-- REQUIRED ACTION --
Nothing but the lines from the top of the data to the line holding "기본 아이디어는 직접" should be printed, word for word and both ends included; leave the pictures out.

TASK MATERIAL below:

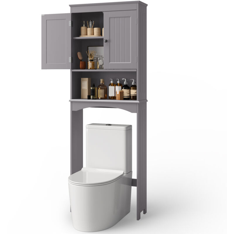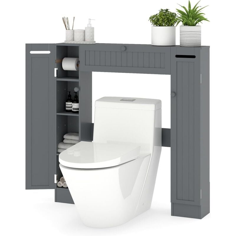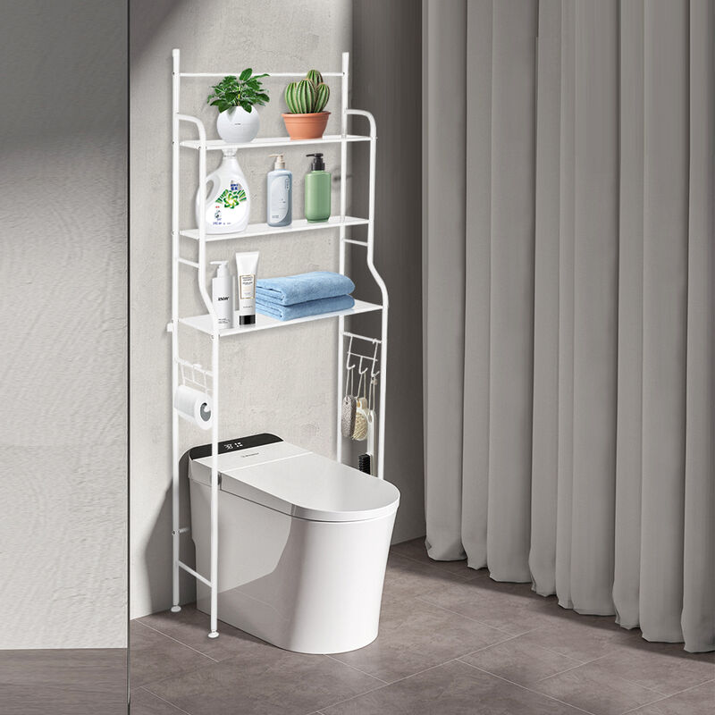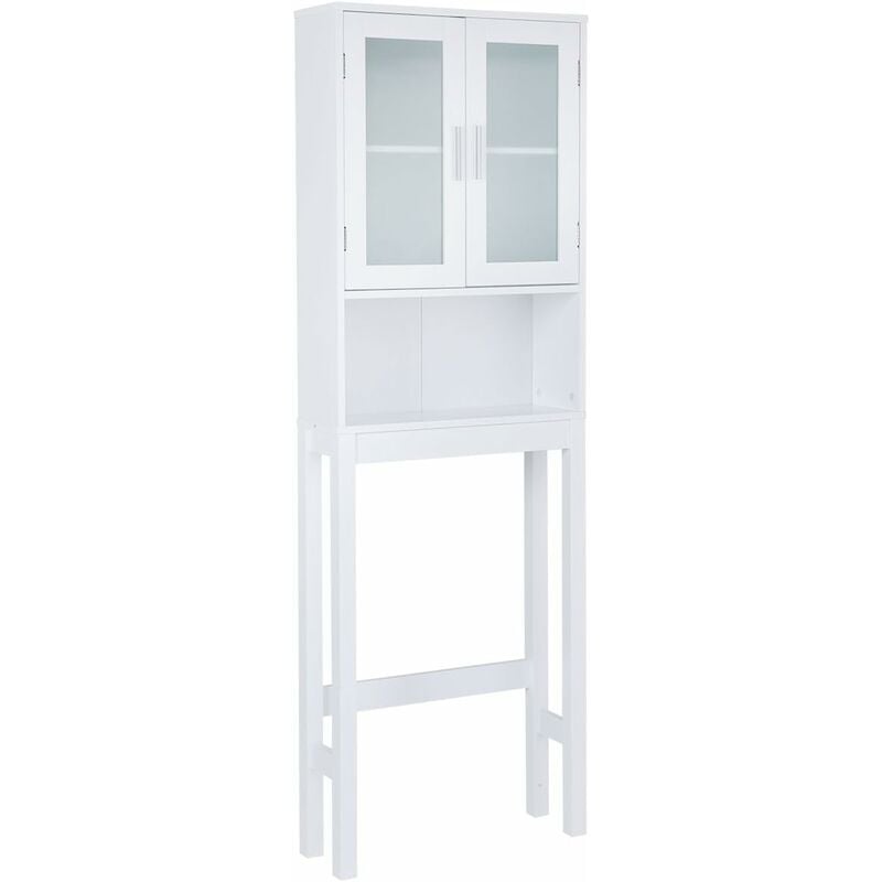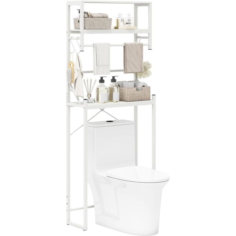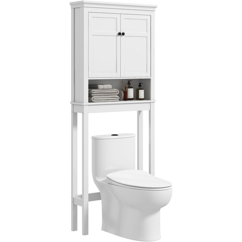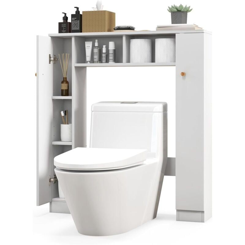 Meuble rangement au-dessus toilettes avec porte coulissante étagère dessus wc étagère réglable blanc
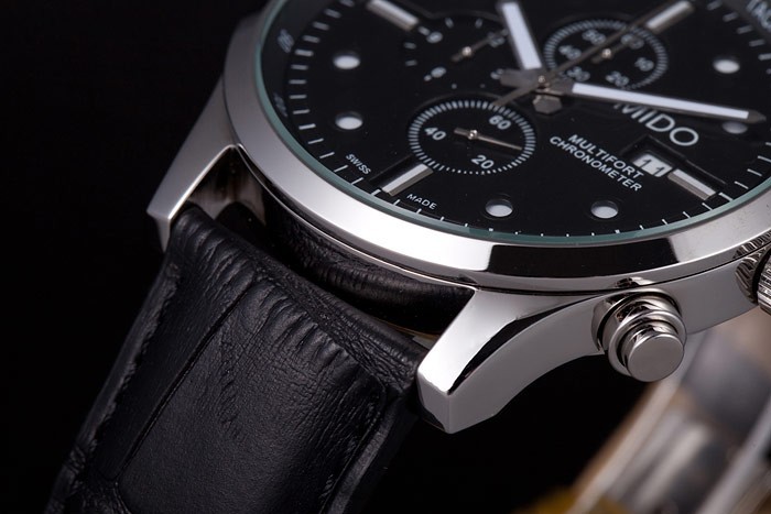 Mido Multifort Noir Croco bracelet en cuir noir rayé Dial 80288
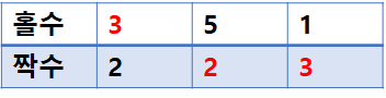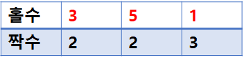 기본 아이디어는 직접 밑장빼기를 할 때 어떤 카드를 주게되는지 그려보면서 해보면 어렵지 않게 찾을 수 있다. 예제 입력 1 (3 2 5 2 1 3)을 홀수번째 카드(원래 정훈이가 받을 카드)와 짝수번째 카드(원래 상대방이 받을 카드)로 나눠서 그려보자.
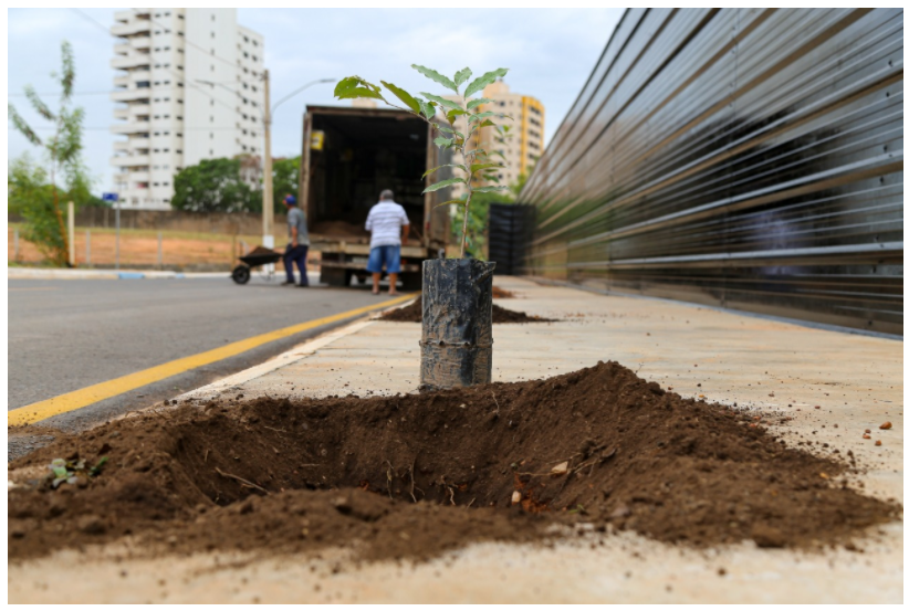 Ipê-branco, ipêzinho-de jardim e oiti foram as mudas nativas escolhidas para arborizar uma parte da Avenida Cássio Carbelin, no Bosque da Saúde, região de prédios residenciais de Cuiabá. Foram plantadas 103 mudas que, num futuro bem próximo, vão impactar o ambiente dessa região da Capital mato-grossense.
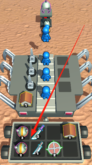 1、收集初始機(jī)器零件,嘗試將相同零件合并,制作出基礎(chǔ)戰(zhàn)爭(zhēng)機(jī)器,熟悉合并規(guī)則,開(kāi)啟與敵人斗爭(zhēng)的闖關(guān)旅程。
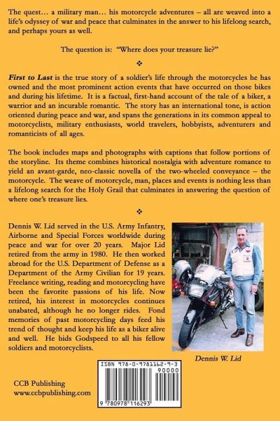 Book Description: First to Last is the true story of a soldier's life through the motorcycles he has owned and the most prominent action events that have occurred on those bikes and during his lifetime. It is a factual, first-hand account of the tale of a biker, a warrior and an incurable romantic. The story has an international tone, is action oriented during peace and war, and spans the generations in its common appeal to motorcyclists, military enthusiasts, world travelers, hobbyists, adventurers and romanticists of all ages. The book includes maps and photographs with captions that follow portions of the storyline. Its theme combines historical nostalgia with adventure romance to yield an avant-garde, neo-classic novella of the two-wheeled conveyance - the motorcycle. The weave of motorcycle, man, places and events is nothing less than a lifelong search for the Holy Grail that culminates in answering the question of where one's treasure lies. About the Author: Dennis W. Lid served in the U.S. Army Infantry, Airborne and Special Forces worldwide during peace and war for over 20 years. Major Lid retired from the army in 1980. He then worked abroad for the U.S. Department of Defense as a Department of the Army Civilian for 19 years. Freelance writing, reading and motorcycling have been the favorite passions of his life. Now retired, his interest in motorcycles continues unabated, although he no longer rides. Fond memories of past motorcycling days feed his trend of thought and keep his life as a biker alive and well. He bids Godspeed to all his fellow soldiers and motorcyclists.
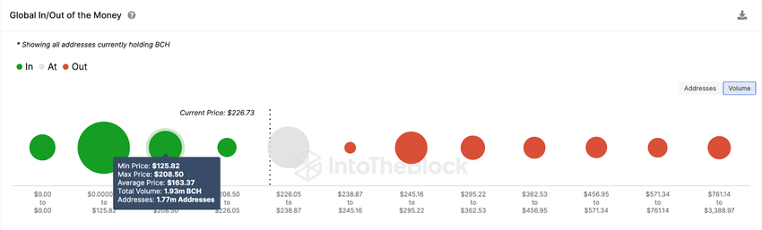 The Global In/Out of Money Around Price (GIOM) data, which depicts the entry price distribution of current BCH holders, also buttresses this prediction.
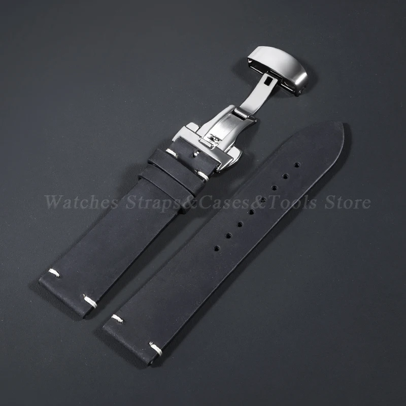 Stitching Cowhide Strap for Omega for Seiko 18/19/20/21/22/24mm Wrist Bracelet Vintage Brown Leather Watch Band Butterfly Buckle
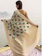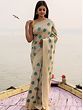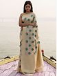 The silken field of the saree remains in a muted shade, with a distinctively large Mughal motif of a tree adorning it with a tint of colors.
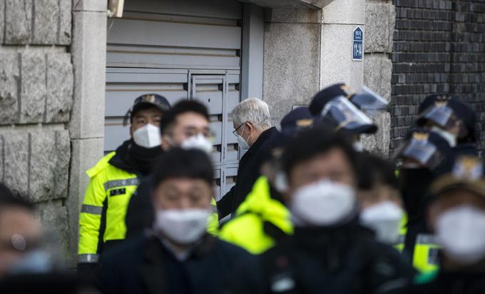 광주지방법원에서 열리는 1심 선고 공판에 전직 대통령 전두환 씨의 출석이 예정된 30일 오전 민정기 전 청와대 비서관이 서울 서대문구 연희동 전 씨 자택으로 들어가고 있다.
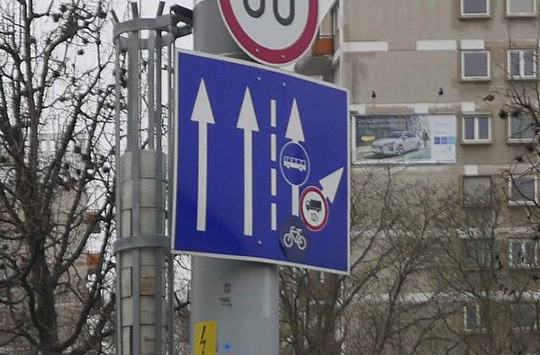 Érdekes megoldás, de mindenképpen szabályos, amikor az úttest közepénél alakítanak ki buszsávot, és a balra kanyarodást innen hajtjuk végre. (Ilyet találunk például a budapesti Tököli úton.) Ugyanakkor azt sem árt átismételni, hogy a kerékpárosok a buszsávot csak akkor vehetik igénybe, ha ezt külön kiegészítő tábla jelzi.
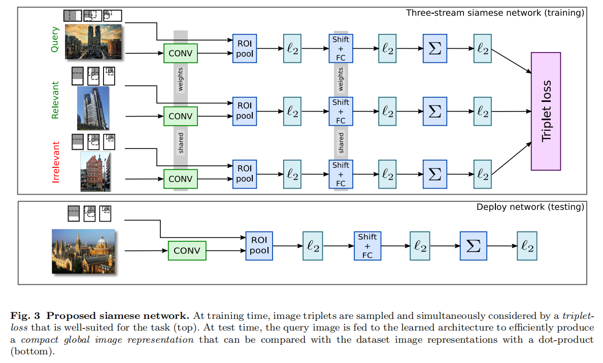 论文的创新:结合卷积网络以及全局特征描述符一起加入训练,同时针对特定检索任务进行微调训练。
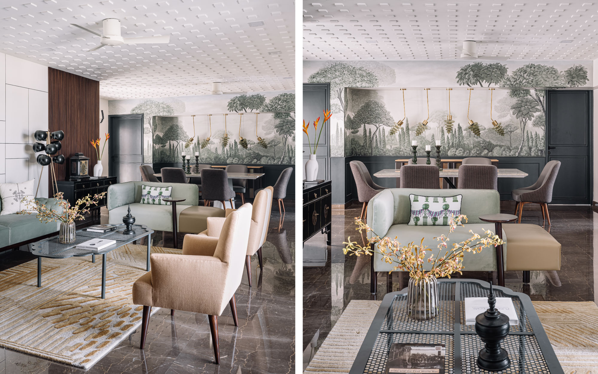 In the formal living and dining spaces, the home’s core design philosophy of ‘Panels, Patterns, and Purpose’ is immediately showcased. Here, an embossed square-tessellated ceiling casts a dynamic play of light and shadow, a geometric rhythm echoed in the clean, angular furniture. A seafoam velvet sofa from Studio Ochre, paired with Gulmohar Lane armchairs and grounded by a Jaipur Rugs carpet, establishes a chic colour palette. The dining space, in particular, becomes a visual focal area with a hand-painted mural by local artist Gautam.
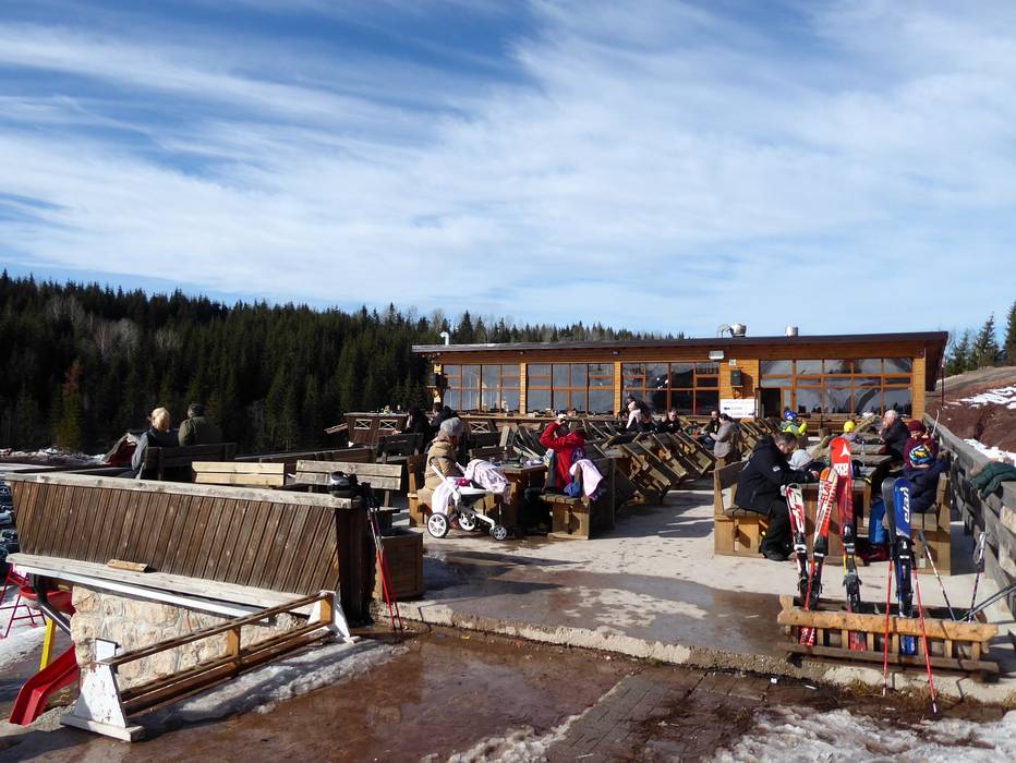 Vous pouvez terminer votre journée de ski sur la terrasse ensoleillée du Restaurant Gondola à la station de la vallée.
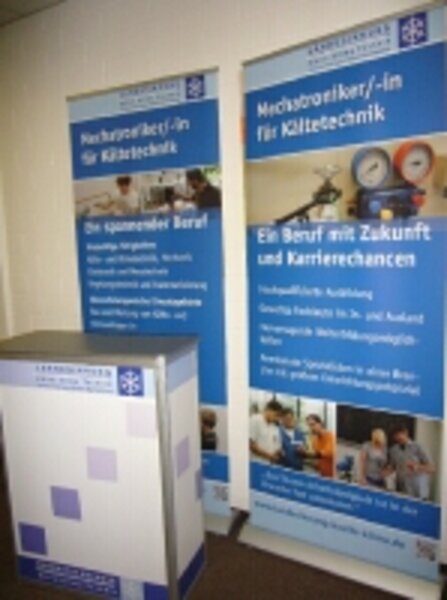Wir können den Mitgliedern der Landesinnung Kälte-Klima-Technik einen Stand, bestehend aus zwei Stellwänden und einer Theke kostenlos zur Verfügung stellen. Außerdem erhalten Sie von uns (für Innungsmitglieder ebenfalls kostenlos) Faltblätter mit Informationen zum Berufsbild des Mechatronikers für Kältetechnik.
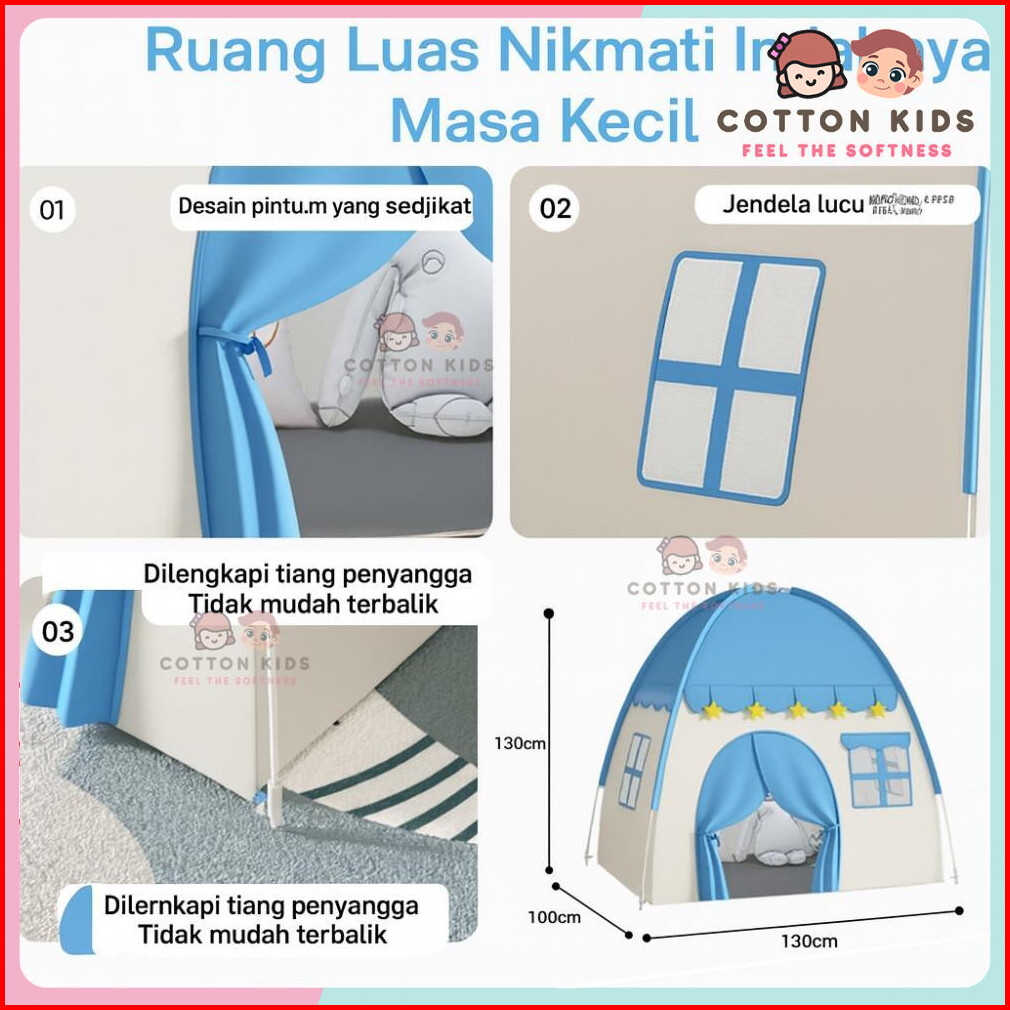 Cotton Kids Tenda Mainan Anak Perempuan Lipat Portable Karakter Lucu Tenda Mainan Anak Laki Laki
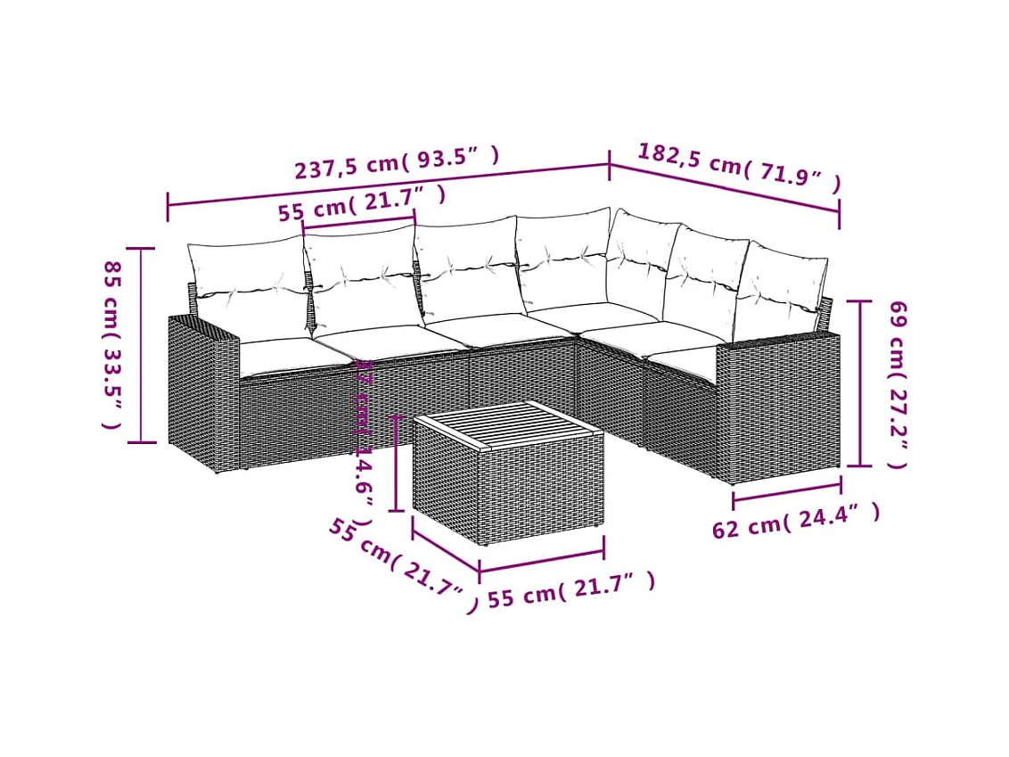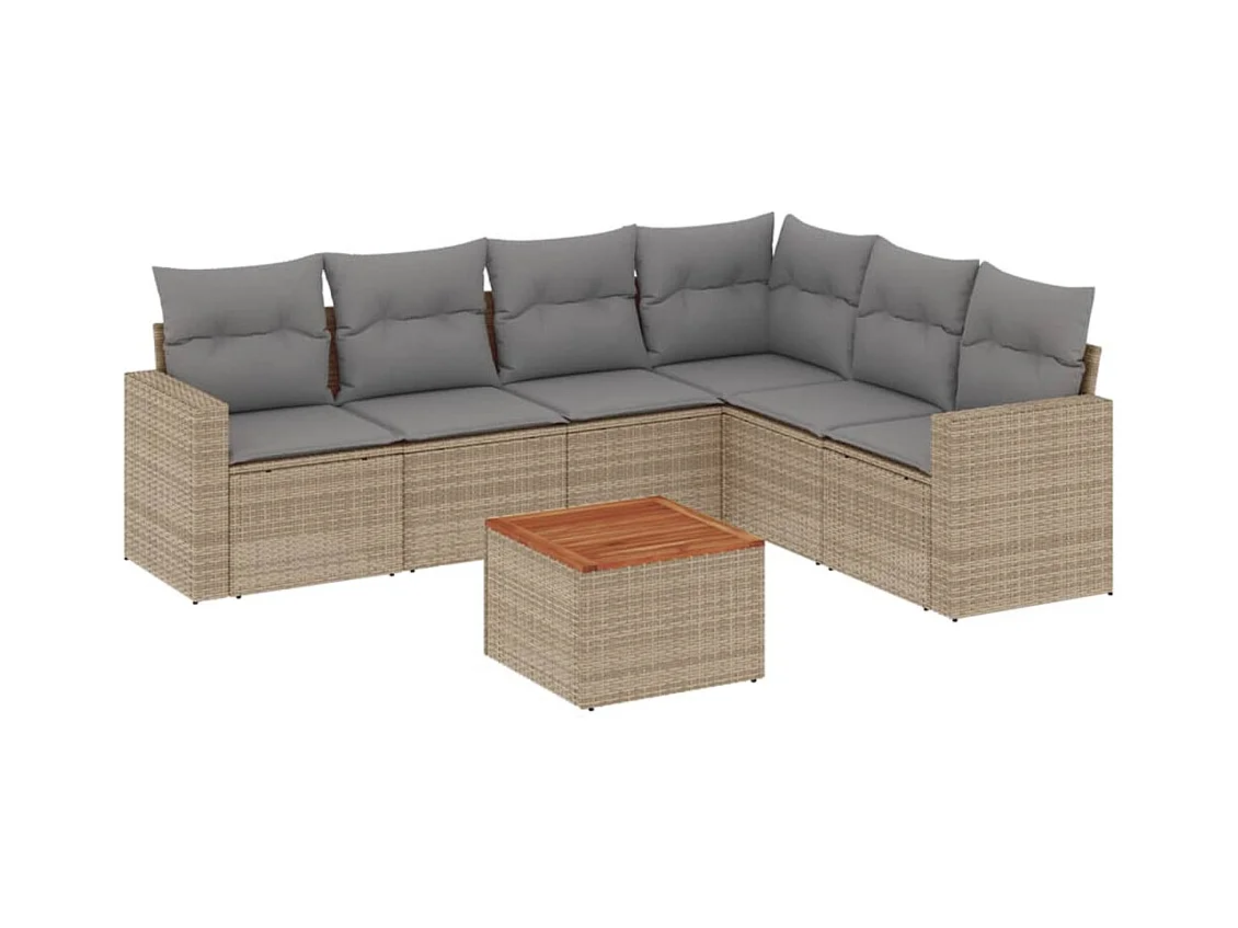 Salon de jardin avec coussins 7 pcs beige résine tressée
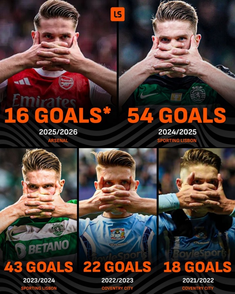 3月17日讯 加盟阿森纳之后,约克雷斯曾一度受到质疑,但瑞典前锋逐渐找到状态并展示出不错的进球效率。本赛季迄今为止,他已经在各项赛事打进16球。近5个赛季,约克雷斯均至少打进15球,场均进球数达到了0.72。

End of TASK MATERIAL.

-- COMPLETED TASK --
 Meuble rangement au-dessus toilettes avec porte coulissante étagère dessus wc étagère réglable blanc
 Mido Multifort Noir Croco bracelet en cuir noir rayé Dial 80288
 기본 아이디어는 직접 밑장빼기를 할 때 어떤 카드를 주게되는지 그려보면서 해보면 어렵지 않게 찾을 수 있다. 예제 입력 1 (3 2 5 2 1 3)을 홀수번째 카드(원래 정훈이가 받을 카드)와 짝수번째 카드(원래 상대방이 받을 카드)로 나눠서 그려보자.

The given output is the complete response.